**Aim of the exercise**
In the entries below, find the line with "در جریان نشستی" and the line with "Mauser 1934 .32"; copy them and every line between them exactly, but not the pictures.

**Task input**
----
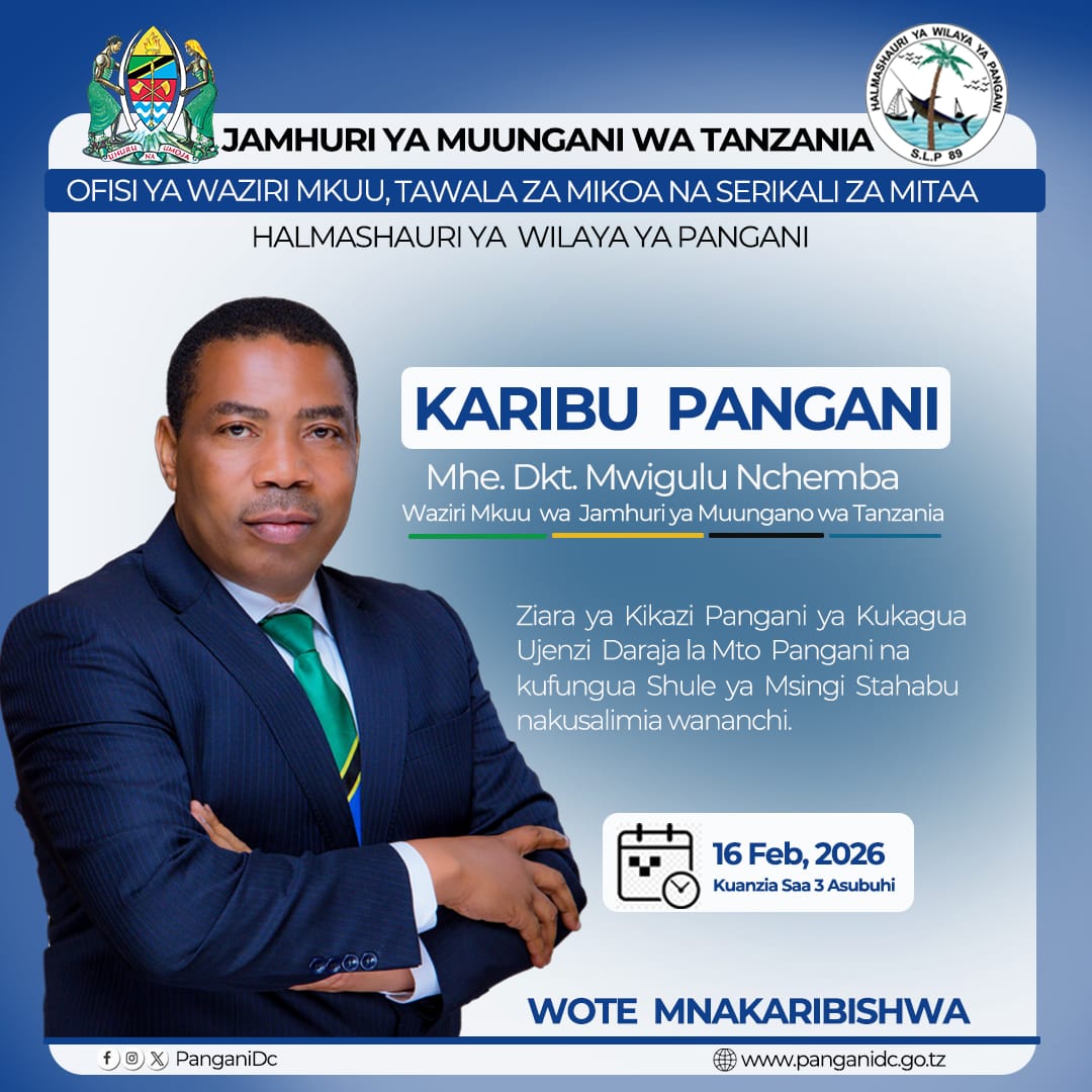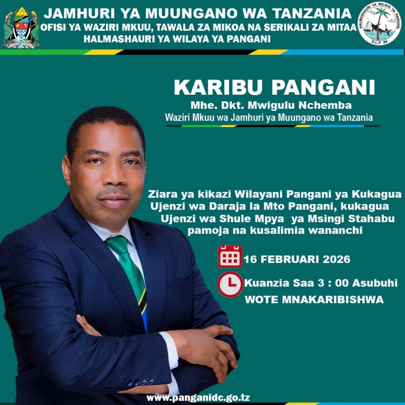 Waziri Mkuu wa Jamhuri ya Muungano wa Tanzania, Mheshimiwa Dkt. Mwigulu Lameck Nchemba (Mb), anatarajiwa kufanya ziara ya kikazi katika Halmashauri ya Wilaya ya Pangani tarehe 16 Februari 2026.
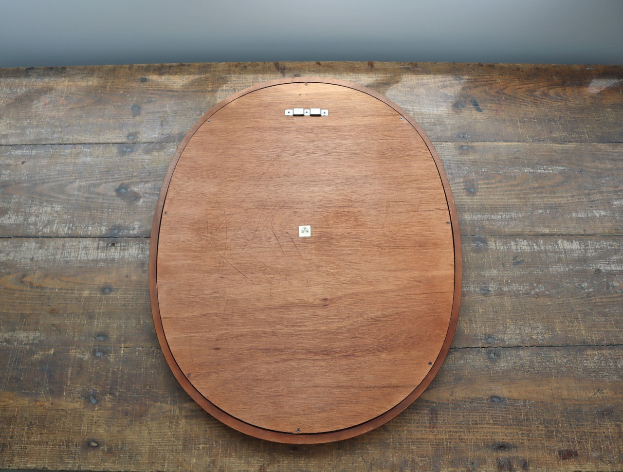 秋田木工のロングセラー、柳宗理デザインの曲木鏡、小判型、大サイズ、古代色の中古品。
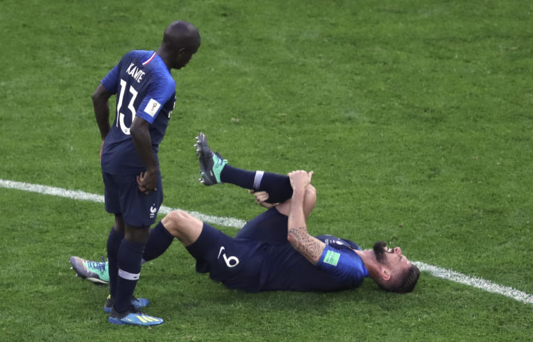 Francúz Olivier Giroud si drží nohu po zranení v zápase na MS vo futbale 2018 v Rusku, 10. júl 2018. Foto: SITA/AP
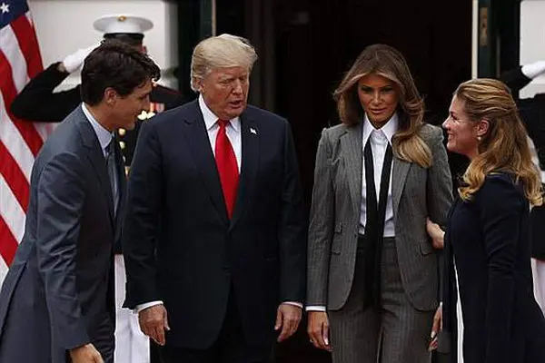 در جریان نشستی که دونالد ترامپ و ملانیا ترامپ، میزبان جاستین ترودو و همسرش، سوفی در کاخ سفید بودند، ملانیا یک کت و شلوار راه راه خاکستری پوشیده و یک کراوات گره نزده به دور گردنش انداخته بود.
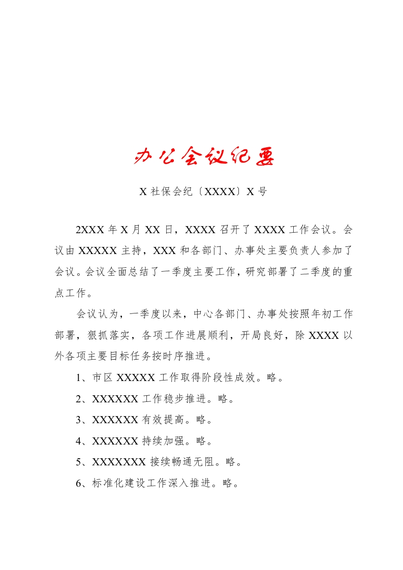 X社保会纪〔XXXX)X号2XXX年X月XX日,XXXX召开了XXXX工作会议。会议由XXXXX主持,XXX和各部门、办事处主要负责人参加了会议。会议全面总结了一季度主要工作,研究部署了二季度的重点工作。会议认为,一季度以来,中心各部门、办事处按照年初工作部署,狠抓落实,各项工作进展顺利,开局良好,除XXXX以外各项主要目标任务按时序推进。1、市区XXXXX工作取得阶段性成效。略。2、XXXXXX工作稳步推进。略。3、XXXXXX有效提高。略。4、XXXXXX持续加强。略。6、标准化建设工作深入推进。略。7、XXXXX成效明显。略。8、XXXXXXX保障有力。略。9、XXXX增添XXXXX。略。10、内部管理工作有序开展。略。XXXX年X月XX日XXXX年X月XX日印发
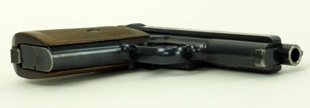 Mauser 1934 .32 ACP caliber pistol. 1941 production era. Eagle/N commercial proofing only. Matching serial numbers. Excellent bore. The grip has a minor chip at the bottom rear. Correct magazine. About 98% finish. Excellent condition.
----
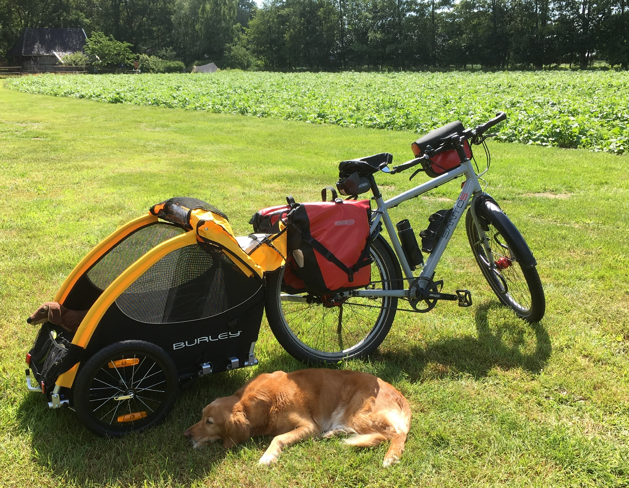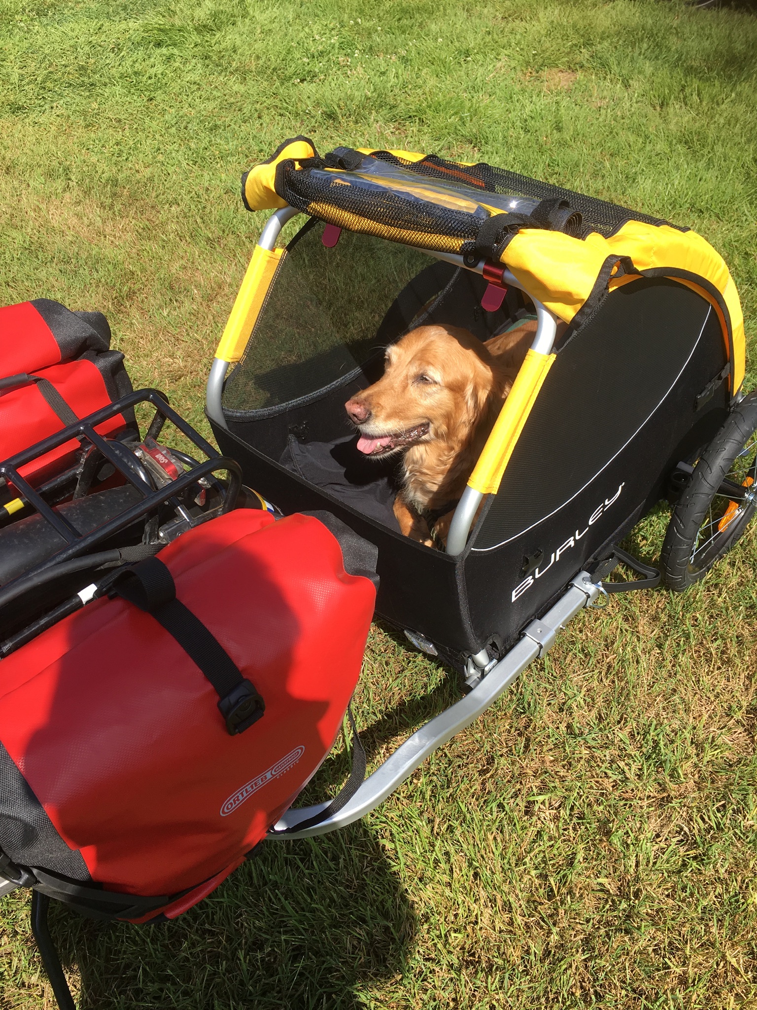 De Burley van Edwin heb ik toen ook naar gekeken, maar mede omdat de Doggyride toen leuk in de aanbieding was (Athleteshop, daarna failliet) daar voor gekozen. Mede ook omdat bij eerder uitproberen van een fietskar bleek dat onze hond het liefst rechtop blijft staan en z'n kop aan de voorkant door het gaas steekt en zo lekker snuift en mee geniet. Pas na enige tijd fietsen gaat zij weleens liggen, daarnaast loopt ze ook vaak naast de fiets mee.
----
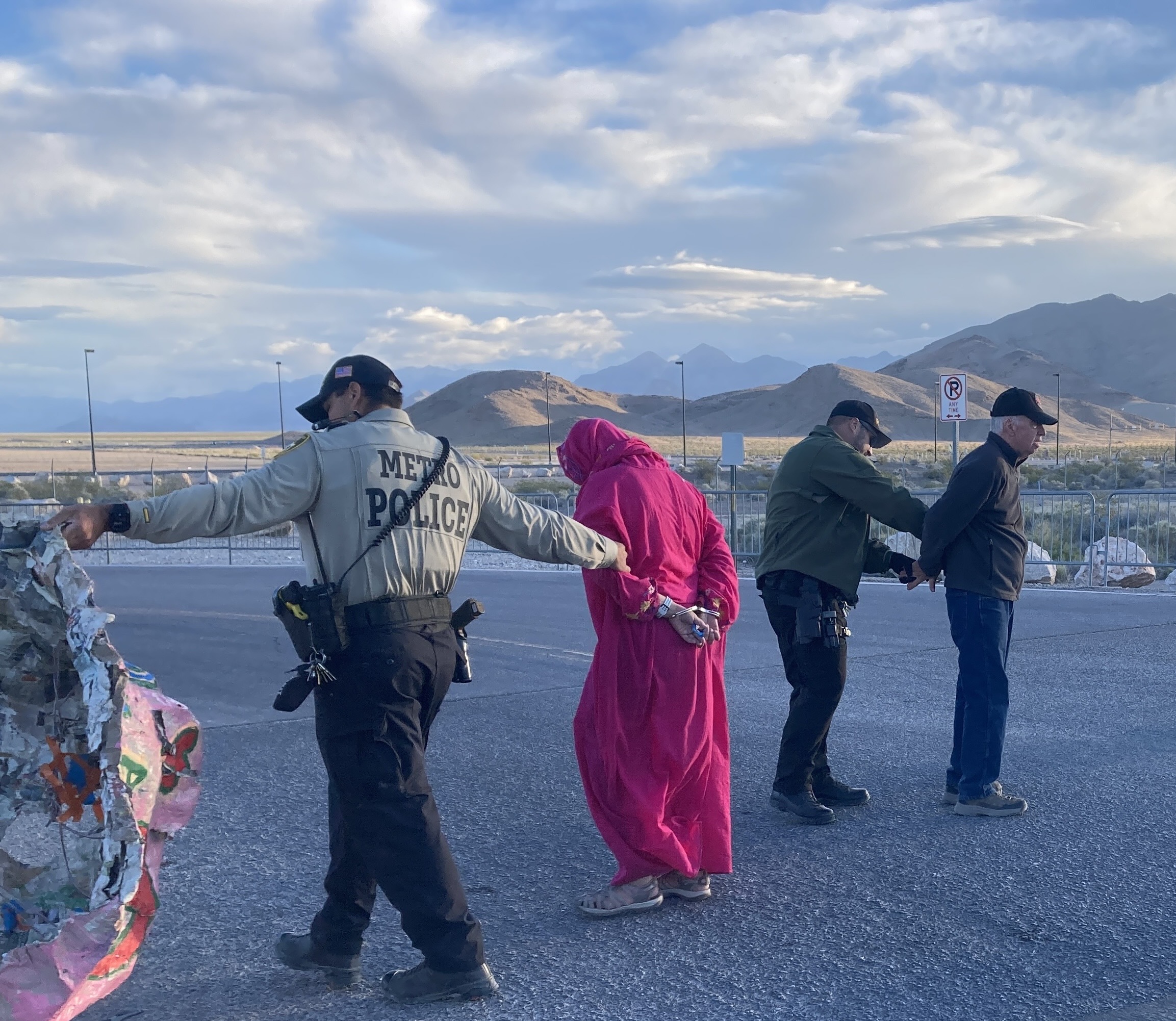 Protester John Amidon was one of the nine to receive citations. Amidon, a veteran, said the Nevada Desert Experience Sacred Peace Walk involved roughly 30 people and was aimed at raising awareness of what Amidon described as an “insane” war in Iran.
----
**Worked solution**
 در جریان نشستی که دونالد ترامپ و ملانیا ترامپ، میزبان جاستین ترودو و همسرش، سوفی در کاخ سفید بودند، ملانیا یک کت و شلوار راه راه خاکستری پوشیده و یک کراوات گره نزده به دور گردنش انداخته بود.
 X社保会纪〔XXXX)X号2XXX年X月XX日,XXXX召开了XXXX工作会议。会议由XXXXX主持,XXX和各部门、办事处主要负责人参加了会议。会议全面总结了一季度主要工作,研究部署了二季度的重点工作。会议认为,一季度以来,中心各部门、办事处按照年初工作部署,狠抓落实,各项工作进展顺利,开局良好,除XXXX以外各项主要目标任务按时序推进。1、市区XXXXX工作取得阶段性成效。略。2、XXXXXX工作稳步推进。略。3、XXXXXX有效提高。略。4、XXXXXX持续加强。略。6、标准化建设工作深入推进。略。7、XXXXX成效明显。略。8、XXXXXXX保障有力。略。9、XXXX增添XXXXX。略。10、内部管理工作有序开展。略。XXXX年X月XX日XXXX年X月XX日印发
 Mauser 1934 .32 ACP caliber pistol. 1941 production era. Eagle/N commercial proofing only. Matching serial numbers. Excellent bore. The grip has a minor chip at the bottom rear. Correct magazine. About 98% finish. Excellent condition.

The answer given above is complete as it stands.